::: DATASET EXTRACT

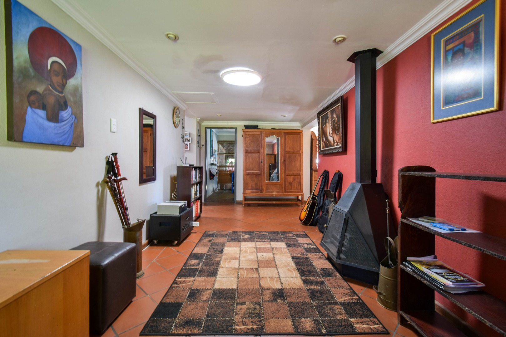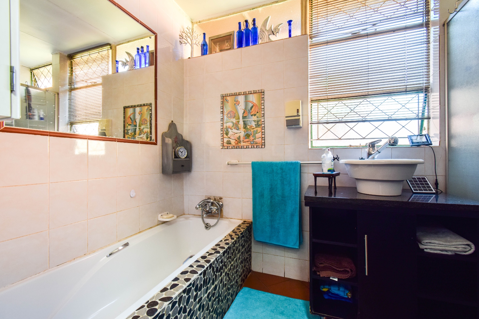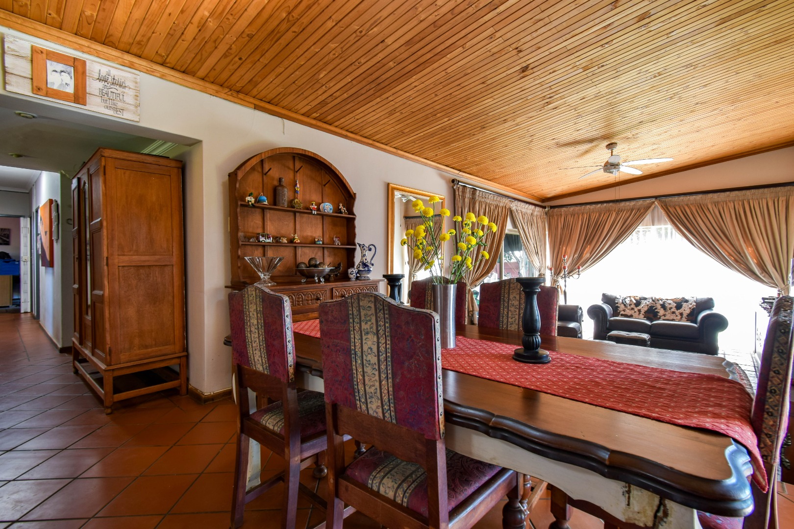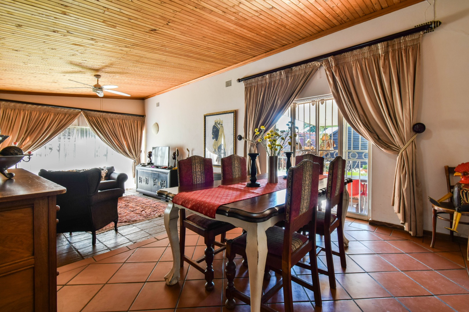 Step outside to a covered patio overlooking a lush, evergreen garden, where a dedicated boma area creates the perfect setting for entertaining under the stars. Additional outdoor features include a Wendy house, a JoJo tank for water efficiency, and a modern inverter system ensuring energy-conscious living.
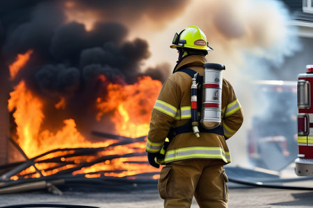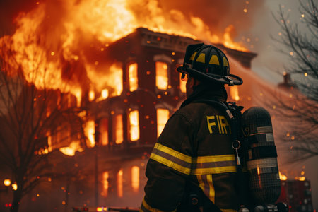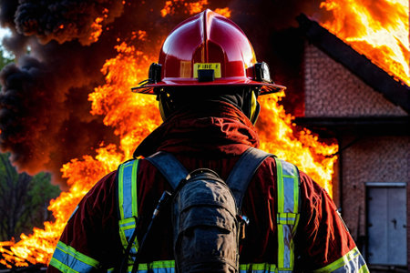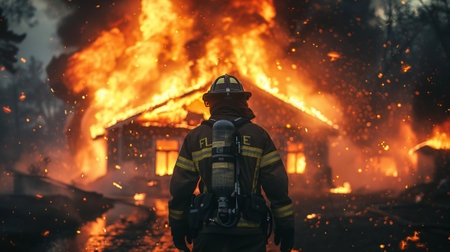 Fireman heading to tackle a blazing house amidst a fiery scene. Heroic firefighter in action against a home inferno. Concept of firefighting, bravery, emergency response, and risk.
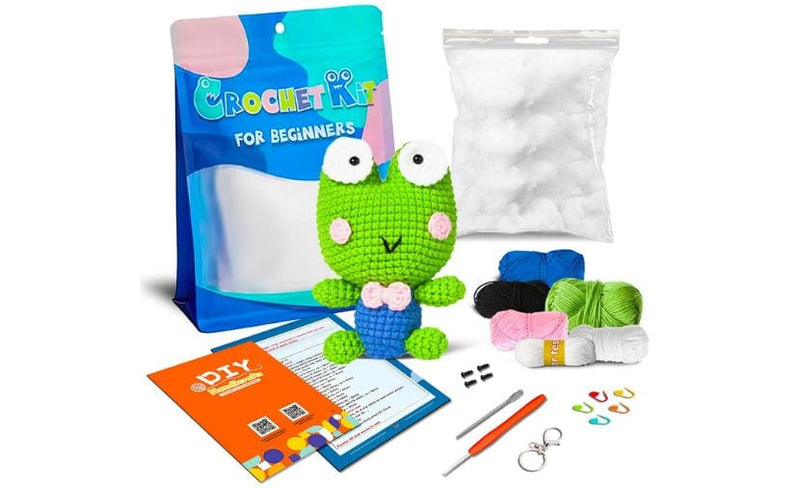 The All-In-One crochet starter kit includes: a dual-tip crochet hook, stitch markers, a blunt needle for attaching the eyes, craft eyes, soft filling material, various yarns, a comprehensive guidebook, and a convenient carrying pouch for the entire set.
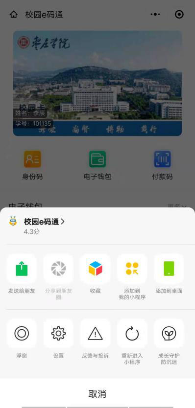 在此界面可点击右上角“。。。”,选择“添加到桌面”或“添加我的小程序”,方便下次使用。
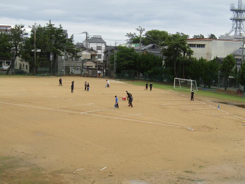 1日の放課後、若手の先生が運動会のライン引きをしてくださいました。
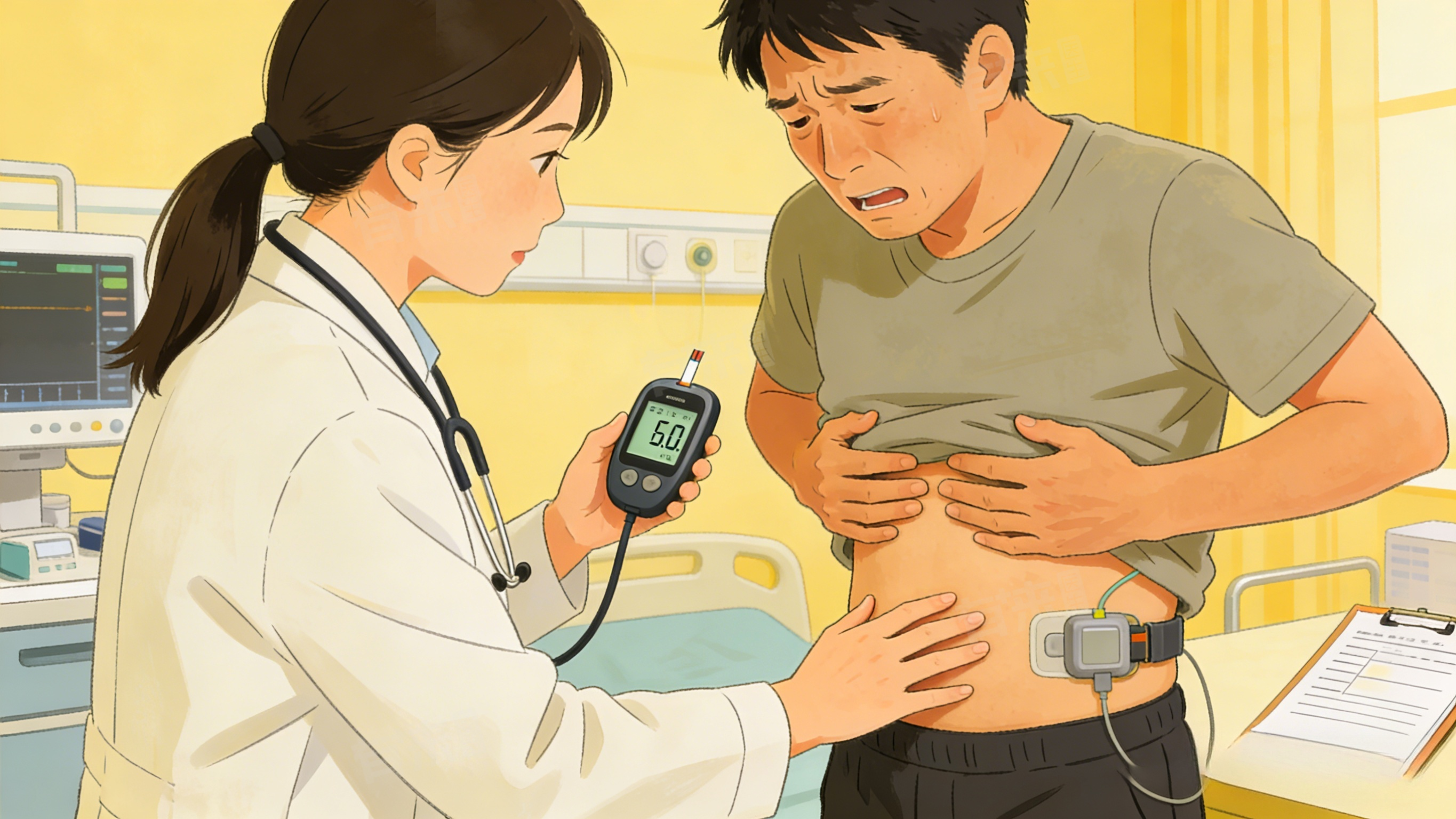 - 监测血糖与症状:立即监测空腹及餐后血糖,观察血糖是否存在骤升、骤降或过高的情况,同时记录腹痛的部位、性质、持续时间及伴随症状,如是否有恶心、呕吐、呼吸异常等,为后续就医提供准确依据,避免盲目处理。
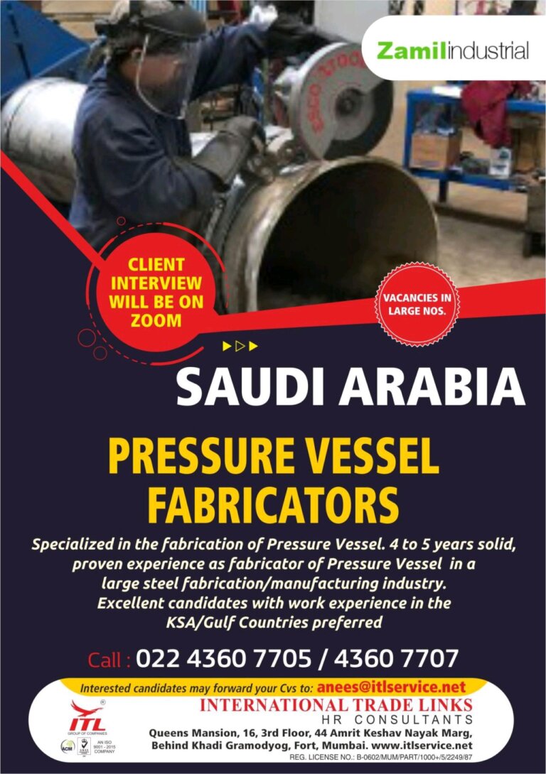 CLIENTINTERVIEWWILL BE ONZOOMZamil industrialVACANCIES INLARGE NOS.SAUDI ARABIAPRESSURE VESSELFABRICATORSSpecialized in the fabrication of Pressure Vessel. 4 to 5 years solid,proven experience …
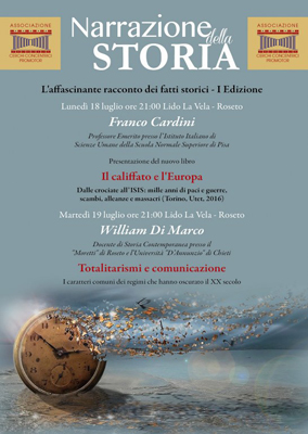 La manifestazione inizierà lunedì 18 luglio alle ore 21.00 con un ospite d’eccezione, Franco Cardini, Professore Emerito presso l’Istituto Italiano di Scienze Umane della Scuola Normale Superiore di Pisa, il quale presenterà il suo nuovo libro Il califfato e l’Europa – Dalle crociate all’ISIS: mille anni di paci e guerre, scambi, alleanze e massacri, (Torino, Utet, 2016). Con questo volume l’insigne studioso ha ottenuto il primo posto al “Premio di Saggistica Città delle Rose” proprio nello scorso mese di maggio.
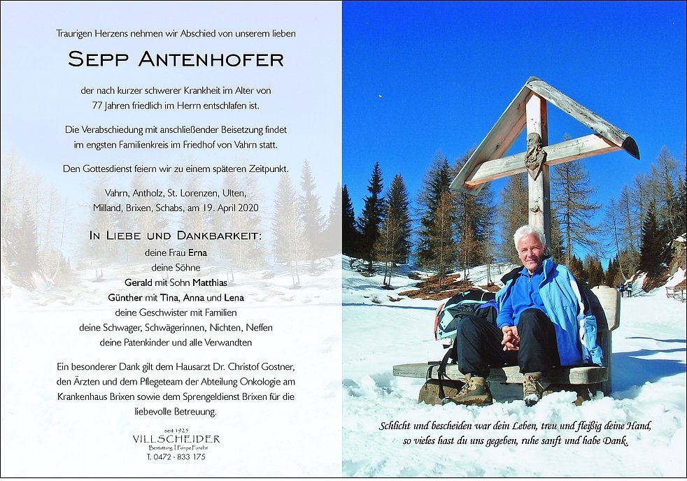 Möchten Euch unser Beileid audrücken. Jetzt konn do Sepp ruhen, sicher in an schianen ort. I woass, wie groass der Schmerz ist.
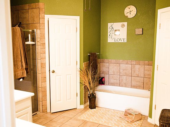Beautiful custom home on .25 acres! Hardwood floors in living area, carpet in bedrooms, and ceramic tile in kitchen. Open kitchen layout with black appliances and bar-top separation from living area. Corian countertops, undermount sink, and 42in solid oak cabinets offer quality kitchen space. Master suite has vaulted ceilings, double vanities, decorative lighting, separate shower, and his-her walk in closets. Large backyard with trees!
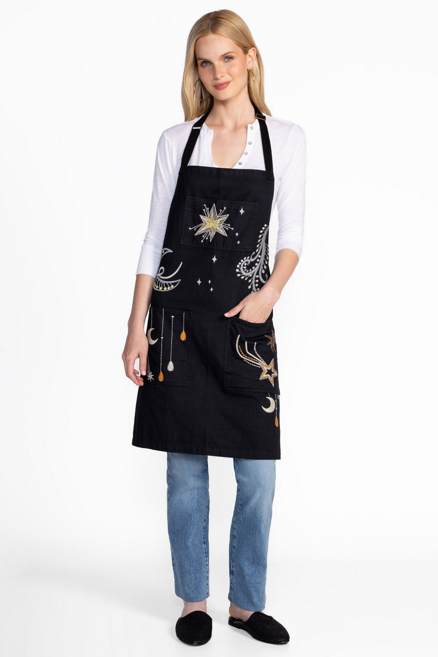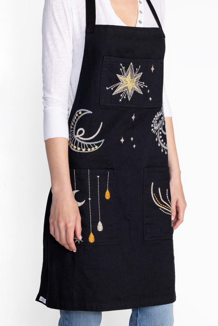 Crafted from 100% cotton, the Ethereal Apron is embellished with striking celestial iconography. Featuring an adjustable neck strap and three patch pockets, this functional apron is finished with intricate embroidered detailing for a hint of elevated style. Layer over your outfit to stay guest-ready and to avoid any spills or splashed in the kitchen.
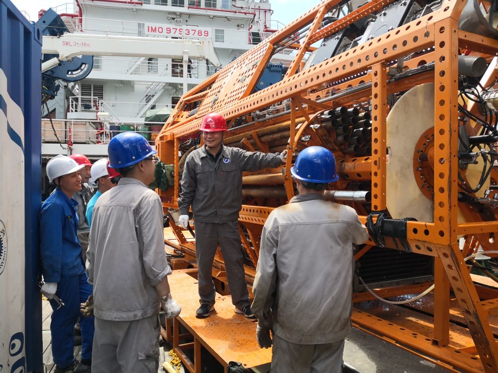 万步炎(右二)在科考船上为“海牛Ⅱ号”团队讲解钻机设计原理(2021年5月1日摄)。新华社发(金永平 摄)
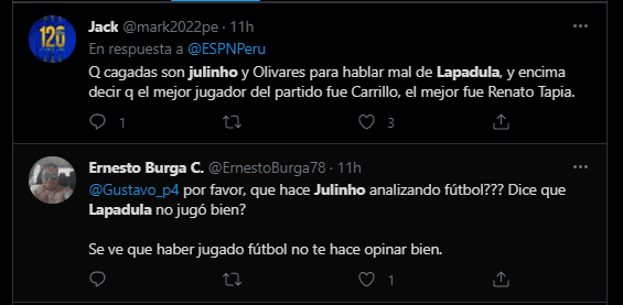 Así empezó su comentario al respecto Julinho en ESPN Perú: “Sobre el tema Lapadula, particularmente yo esperaba más de Lapadula hoy. Inclusive si yo fuera Gareca lo hubiese puesto más temprano a Ormeño”.
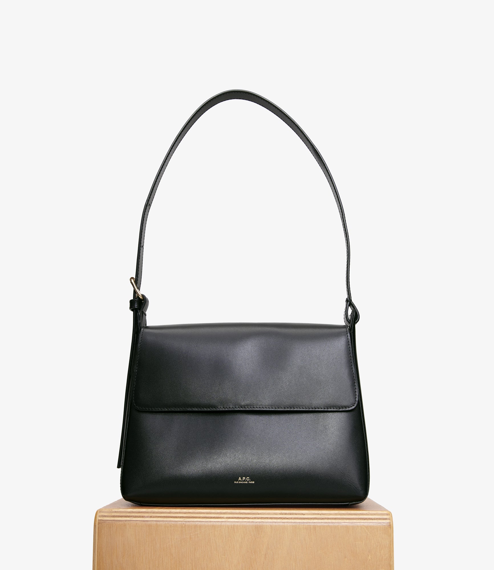 Sac minimaliste et intemporel en cuir grainé noir.
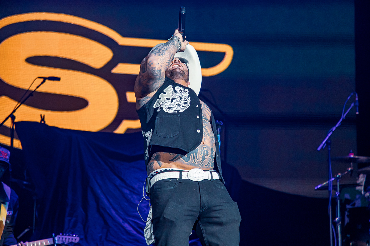 Struggle Jennings performs at Brantley Gilbert’s “Off the Rails Tour” at F&M Bank Arena on April 11, 2024. (Wesley Irvin)
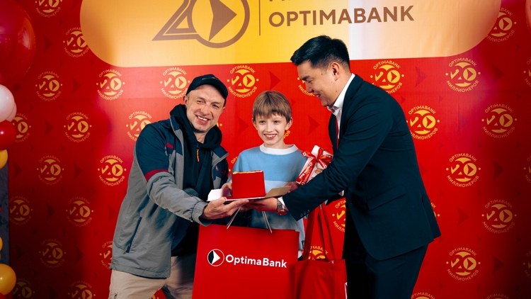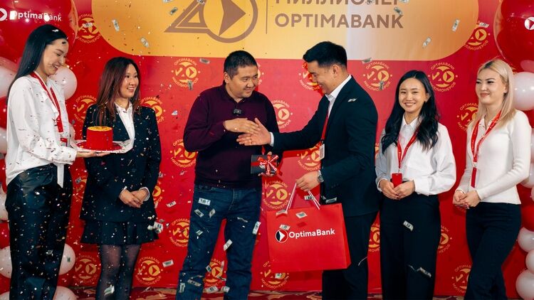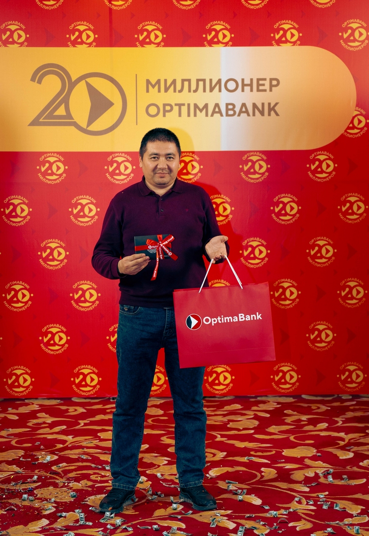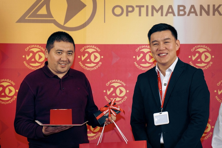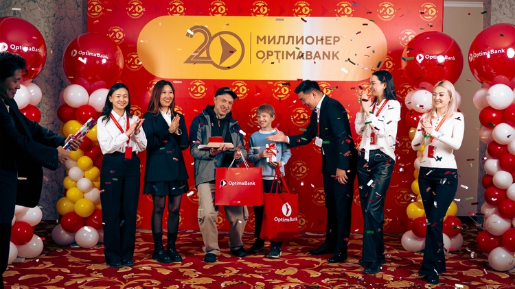 «Оптима Банк» 5 декабря 2025 года наградил первых победителей масштабной акции «20 миллионеров». Клиент банка получил приз — 1 миллион сомов, зачисленных на премиальную подарочную карту Visa Optima Platinum с бесплатным обслуживанием на 5 лет.
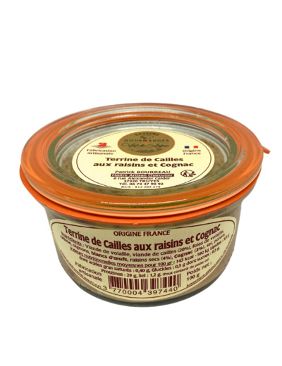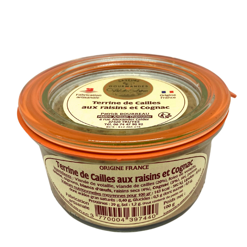 – Une terrine de cailles aux raisins et Cognac (100g)
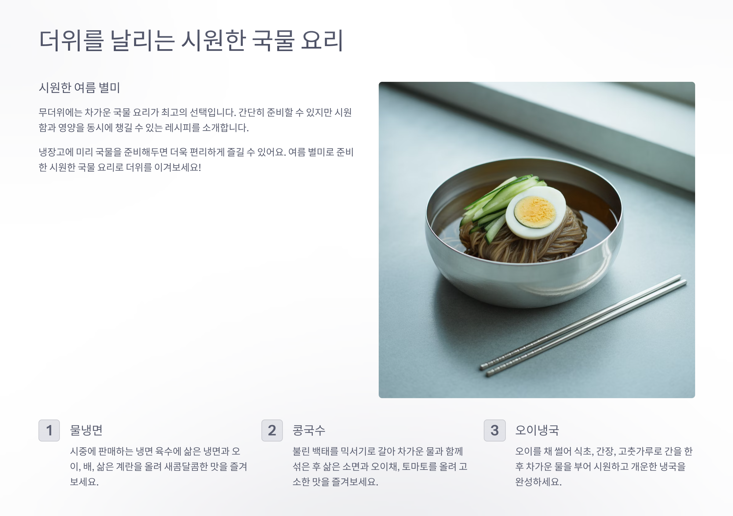 본 블로그 글에 포함된 모든 요리 정보는 일반적인 참고를 위한 것이며, 개인의 건강 상태, 알레르기 유무, 식단 제한 등을 고려하여 조리 및 섭취해야 합니다. 특히 여름철에는 식재료의 신선도와 위생 관리에 각별히 유의하여 식중독을 예방하시기 바랍니다. 본 정보에 기반한 어떠한 결정이나 행위로 인해 발생할 수 있는 결과에 대해 작성자는 책임을 지지 않습니다.
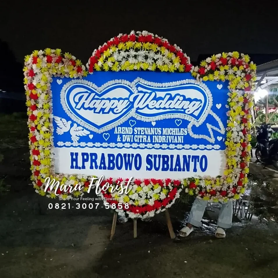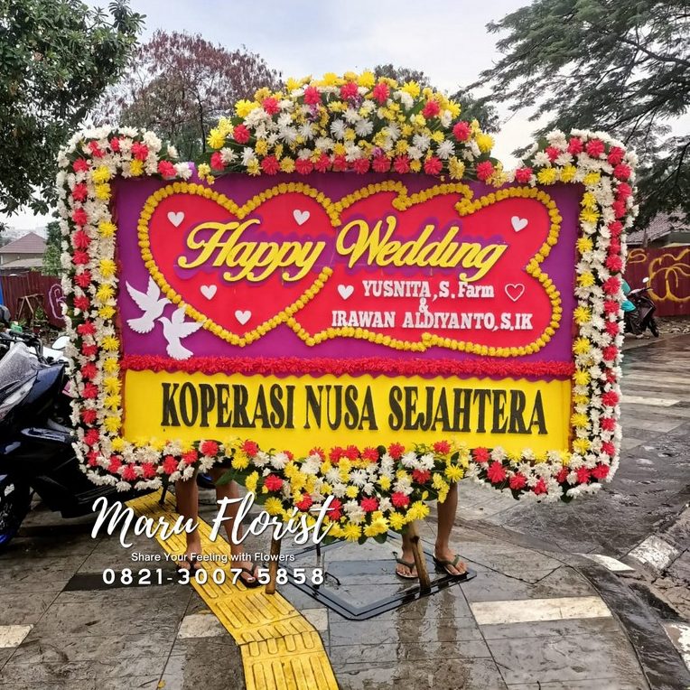 Karangan bunga pernikahan Bogor adalah cara terbaik untuk menyampaikan ucapan happy wedding secara berkelas dan berkesan. Cocok untuk diberikan kepada pasangan pengantin, keluarga mempelai, atau relasi bisnis yang sedang merayakan hari bahagia mereka.

::::::

• _WORK INSTRUCTION_
Could you copy the lines above exactly and skip the images?

• _TASK SOLUTION_
 Step outside to a covered patio overlooking a lush, evergreen garden, where a dedicated boma area creates the perfect setting for entertaining under the stars. Additional outdoor features include a Wendy house, a JoJo tank for water efficiency, and a modern inverter system ensuring energy-conscious living.
 Fireman heading to tackle a blazing house amidst a fiery scene. Heroic firefighter in action against a home inferno. Concept of firefighting, bravery, emergency response, and risk.
 The All-In-One crochet starter kit includes: a dual-tip crochet hook, stitch markers, a blunt needle for attaching the eyes, craft eyes, soft filling material, various yarns, a comprehensive guidebook, and a convenient carrying pouch for the entire set.
 在此界面可点击右上角“。。。”,选择“添加到桌面”或“添加我的小程序”,方便下次使用。
 1日の放課後、若手の先生が運動会のライン引きをしてくださいました。
 - 监测血糖与症状:立即监测空腹及餐后血糖,观察血糖是否存在骤升、骤降或过高的情况,同时记录腹痛的部位、性质、持续时间及伴随症状,如是否有恶心、呕吐、呼吸异常等,为后续就医提供准确依据,避免盲目处理。
 CLIENTINTERVIEWWILL BE ONZOOMZamil industrialVACANCIES INLARGE NOS.SAUDI ARABIAPRESSURE VESSELFABRICATORSSpecialized in the fabrication of Pressure Vessel. 4 to 5 years solid,proven experience …
 La manifestazione inizierà lunedì 18 luglio alle ore 21.00 con un ospite d’eccezione, Franco Cardini, Professore Emerito presso l’Istituto Italiano di Scienze Umane della Scuola Normale Superiore di Pisa, il quale presenterà il suo nuovo libro Il califfato e l’Europa – Dalle crociate all’ISIS: mille anni di paci e guerre, scambi, alleanze e massacri, (Torino, Utet, 2016). Con questo volume l’insigne studioso ha ottenuto il primo posto al “Premio di Saggistica Città delle Rose” proprio nello scorso mese di maggio.
 Möchten Euch unser Beileid audrücken. Jetzt konn do Sepp ruhen, sicher in an schianen ort. I woass, wie groass der Schmerz ist.
Beautiful custom home on .25 acres! Hardwood floors in living area, carpet in bedrooms, and ceramic tile in kitchen. Open kitchen layout with black appliances and bar-top separation from living area. Corian countertops, undermount sink, and 42in solid oak cabinets offer quality kitchen space. Master suite has vaulted ceilings, double vanities, decorative lighting, separate shower, and his-her walk in closets. Large backyard with trees!
 Crafted from 100% cotton, the Ethereal Apron is embellished with striking celestial iconography. Featuring an adjustable neck strap and three patch pockets, this functional apron is finished with intricate embroidered detailing for a hint of elevated style. Layer over your outfit to stay guest-ready and to avoid any spills or splashed in the kitchen.
 万步炎(右二)在科考船上为“海牛Ⅱ号”团队讲解钻机设计原理(2021年5月1日摄)。新华社发(金永平 摄)
 Así empezó su comentario al respecto Julinho en ESPN Perú: “Sobre el tema Lapadula, particularmente yo esperaba más de Lapadula hoy. Inclusive si yo fuera Gareca lo hubiese puesto más temprano a Ormeño”.
 Sac minimaliste et intemporel en cuir grainé noir.
 Struggle Jennings performs at Brantley Gilbert’s “Off the Rails Tour” at F&M Bank Arena on April 11, 2024. (Wesley Irvin)
 «Оптима Банк» 5 декабря 2025 года наградил первых победителей масштабной акции «20 миллионеров». Клиент банка получил приз — 1 миллион сомов, зачисленных на премиальную подарочную карту Visa Optima Platinum с бесплатным обслуживанием на 5 лет.
 – Une terrine de cailles aux raisins et Cognac (100g)
 본 블로그 글에 포함된 모든 요리 정보는 일반적인 참고를 위한 것이며, 개인의 건강 상태, 알레르기 유무, 식단 제한 등을 고려하여 조리 및 섭취해야 합니다. 특히 여름철에는 식재료의 신선도와 위생 관리에 각별히 유의하여 식중독을 예방하시기 바랍니다. 본 정보에 기반한 어떠한 결정이나 행위로 인해 발생할 수 있는 결과에 대해 작성자는 책임을 지지 않습니다.
 Karangan bunga pernikahan Bogor adalah cara terbaik untuk menyampaikan ucapan happy wedding secara berkelas dan berkesan. Cocok untuk diberikan kepada pasangan pengantin, keluarga mempelai, atau relasi bisnis yang sedang merayakan hari bahagia mereka.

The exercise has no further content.